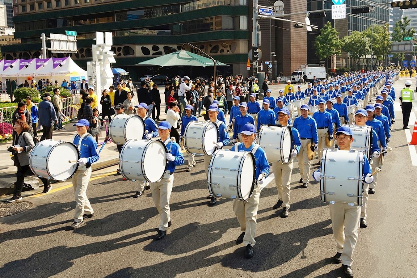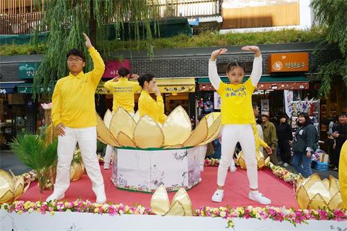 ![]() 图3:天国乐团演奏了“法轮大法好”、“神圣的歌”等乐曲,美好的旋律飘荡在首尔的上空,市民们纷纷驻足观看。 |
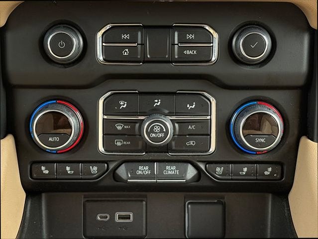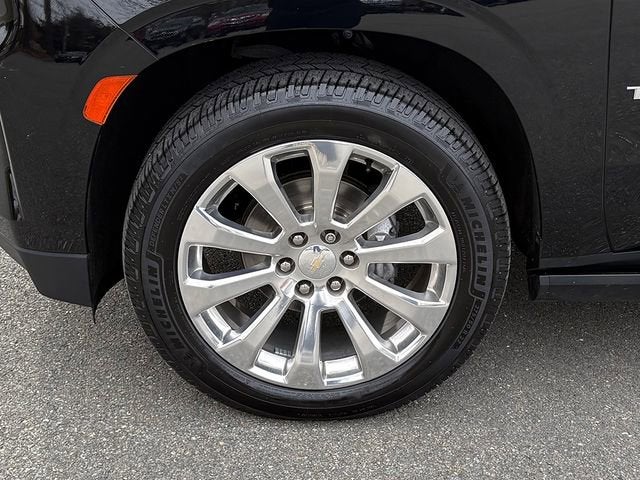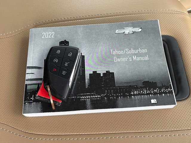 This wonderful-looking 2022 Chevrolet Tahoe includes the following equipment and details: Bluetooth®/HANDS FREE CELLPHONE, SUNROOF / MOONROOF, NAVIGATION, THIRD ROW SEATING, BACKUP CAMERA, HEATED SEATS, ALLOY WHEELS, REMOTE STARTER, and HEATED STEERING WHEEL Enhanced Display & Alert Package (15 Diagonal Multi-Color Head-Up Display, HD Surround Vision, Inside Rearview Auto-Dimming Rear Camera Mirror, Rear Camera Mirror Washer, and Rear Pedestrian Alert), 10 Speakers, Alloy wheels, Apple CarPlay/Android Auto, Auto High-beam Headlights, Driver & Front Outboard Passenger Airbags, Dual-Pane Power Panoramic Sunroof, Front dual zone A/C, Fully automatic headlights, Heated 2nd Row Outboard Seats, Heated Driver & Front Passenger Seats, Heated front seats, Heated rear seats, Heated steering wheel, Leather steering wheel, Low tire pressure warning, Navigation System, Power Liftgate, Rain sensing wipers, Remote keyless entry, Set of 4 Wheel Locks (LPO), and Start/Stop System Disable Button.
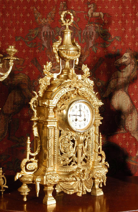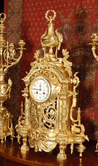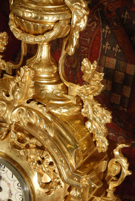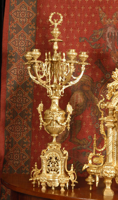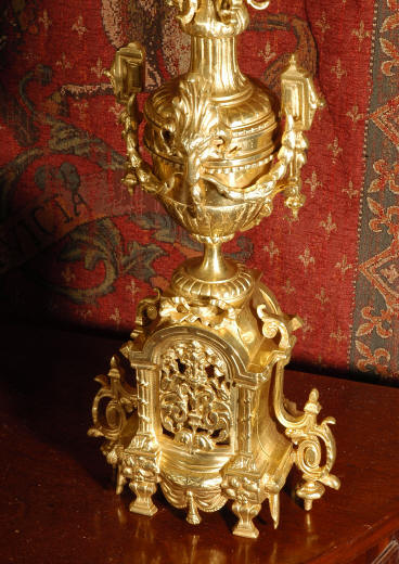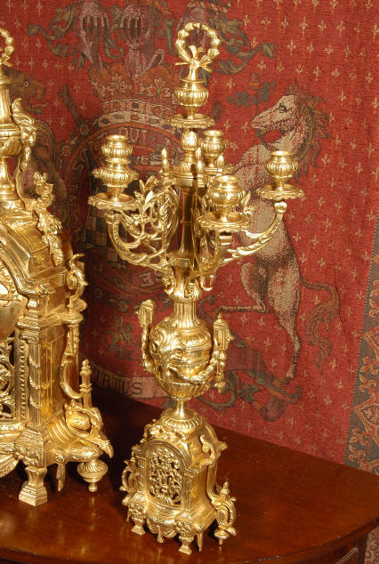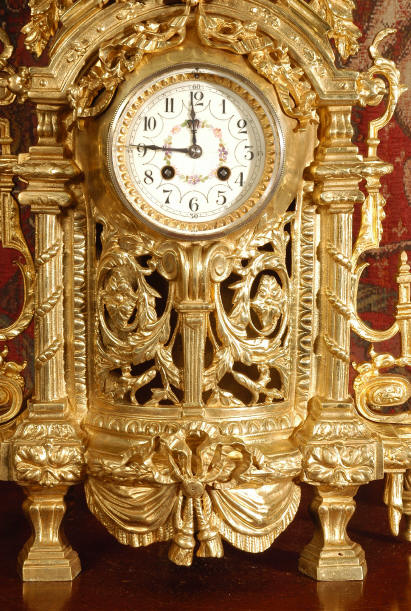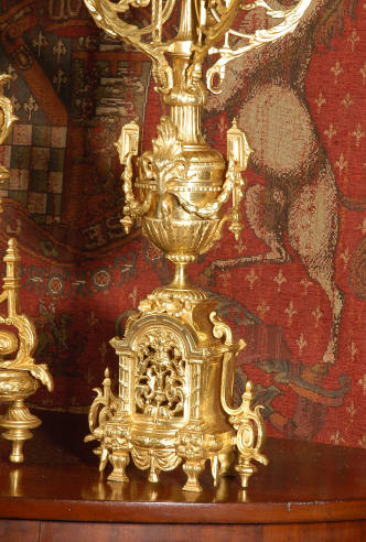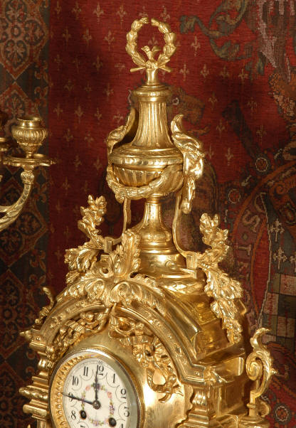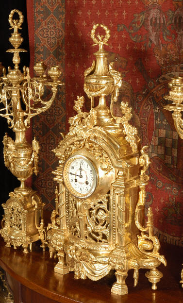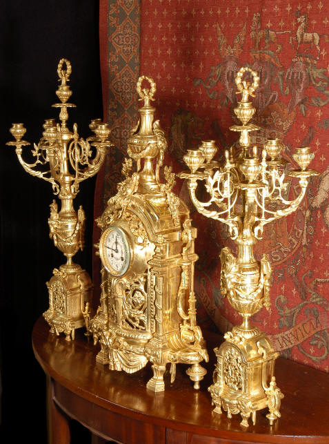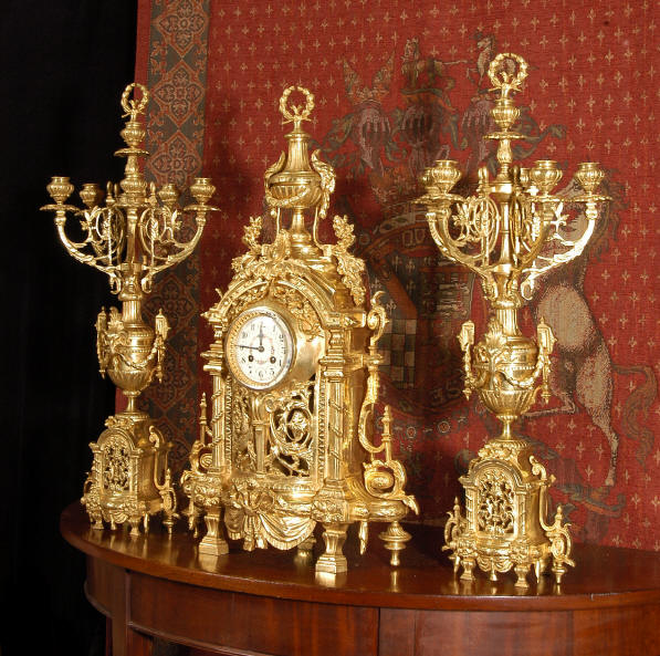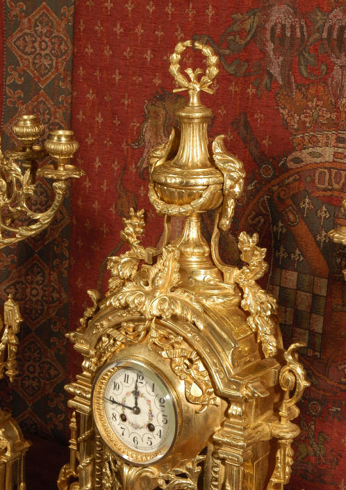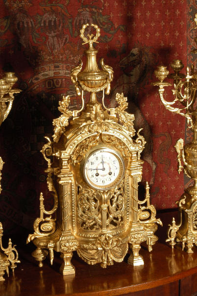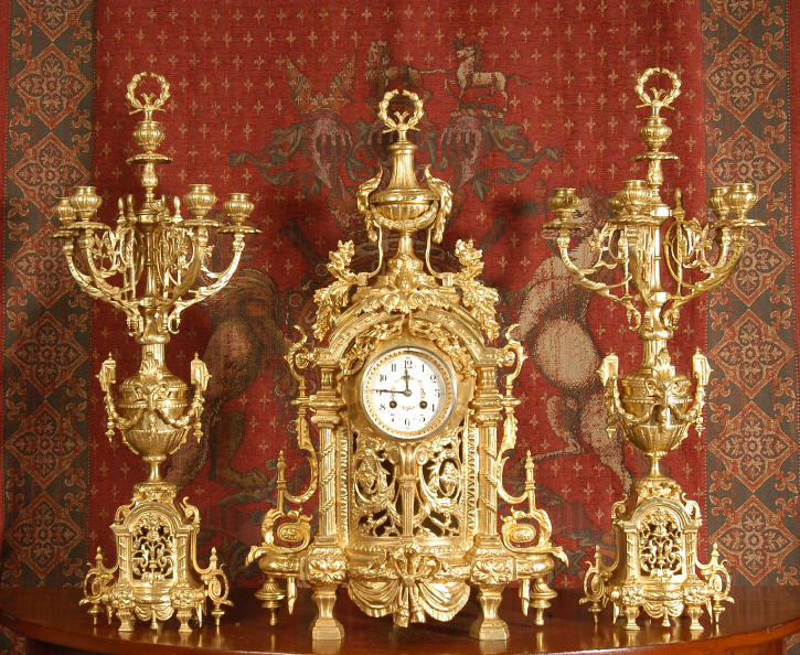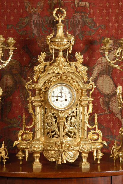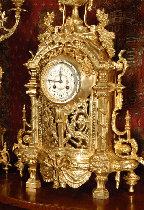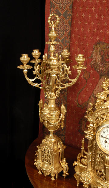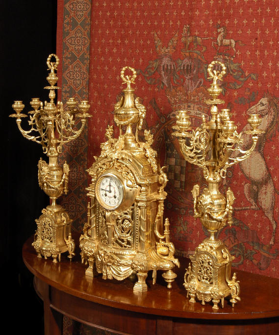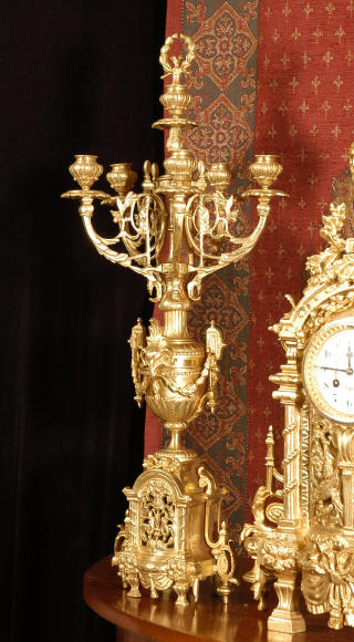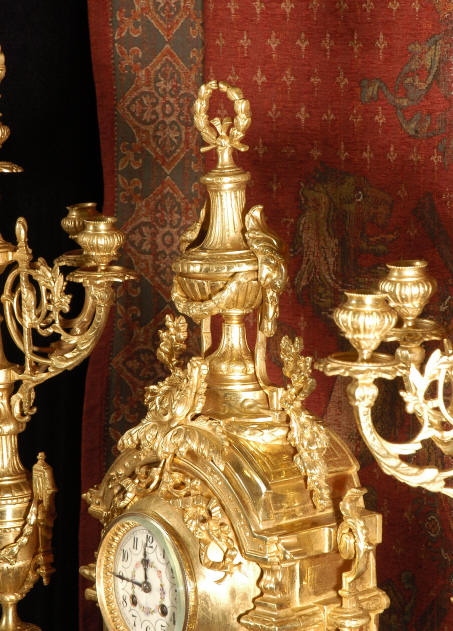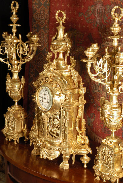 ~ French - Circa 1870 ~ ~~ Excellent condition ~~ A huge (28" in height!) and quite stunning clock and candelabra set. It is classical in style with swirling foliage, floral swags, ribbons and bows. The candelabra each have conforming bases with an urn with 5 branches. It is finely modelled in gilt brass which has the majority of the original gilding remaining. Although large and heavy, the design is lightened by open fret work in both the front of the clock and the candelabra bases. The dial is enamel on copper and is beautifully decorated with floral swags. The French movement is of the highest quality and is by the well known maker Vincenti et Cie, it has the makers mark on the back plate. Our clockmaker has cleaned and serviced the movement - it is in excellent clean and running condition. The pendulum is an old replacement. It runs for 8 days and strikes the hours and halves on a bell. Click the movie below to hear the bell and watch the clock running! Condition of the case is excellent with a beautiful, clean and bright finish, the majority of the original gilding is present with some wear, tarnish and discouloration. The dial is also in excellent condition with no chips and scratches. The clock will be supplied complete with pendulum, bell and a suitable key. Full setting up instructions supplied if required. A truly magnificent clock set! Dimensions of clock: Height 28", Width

What you will do - Up to and including the line with "This wonderful-looking 2022", copy the data above from its first line. Skip pictures.

Your response -
 ![]() 图3:天国乐团演奏了“法轮大法好”、“神圣的歌”等乐曲,美好的旋律飘荡在首尔的上空,市民们纷纷驻足观看。 |
 This wonderful-looking 2022 Chevrolet Tahoe includes the following equipment and details: Bluetooth®/HANDS FREE CELLPHONE, SUNROOF / MOONROOF, NAVIGATION, THIRD ROW SEATING, BACKUP CAMERA, HEATED SEATS, ALLOY WHEELS, REMOTE STARTER, and HEATED STEERING WHEEL Enhanced Display & Alert Package (15 Diagonal Multi-Color Head-Up Display, HD Surround Vision, Inside Rearview Auto-Dimming Rear Camera Mirror, Rear Camera Mirror Washer, and Rear Pedestrian Alert), 10 Speakers, Alloy wheels, Apple CarPlay/Android Auto, Auto High-beam Headlights, Driver & Front Outboard Passenger Airbags, Dual-Pane Power Panoramic Sunroof, Front dual zone A/C, Fully automatic headlights, Heated 2nd Row Outboard Seats, Heated Driver & Front Passenger Seats, Heated front seats, Heated rear seats, Heated steering wheel, Leather steering wheel, Low tire pressure warning, Navigation System, Power Liftgate, Rain sensing wipers, Remote keyless entry, Set of 4 Wheel Locks (LPO), and Start/Stop System Disable Button.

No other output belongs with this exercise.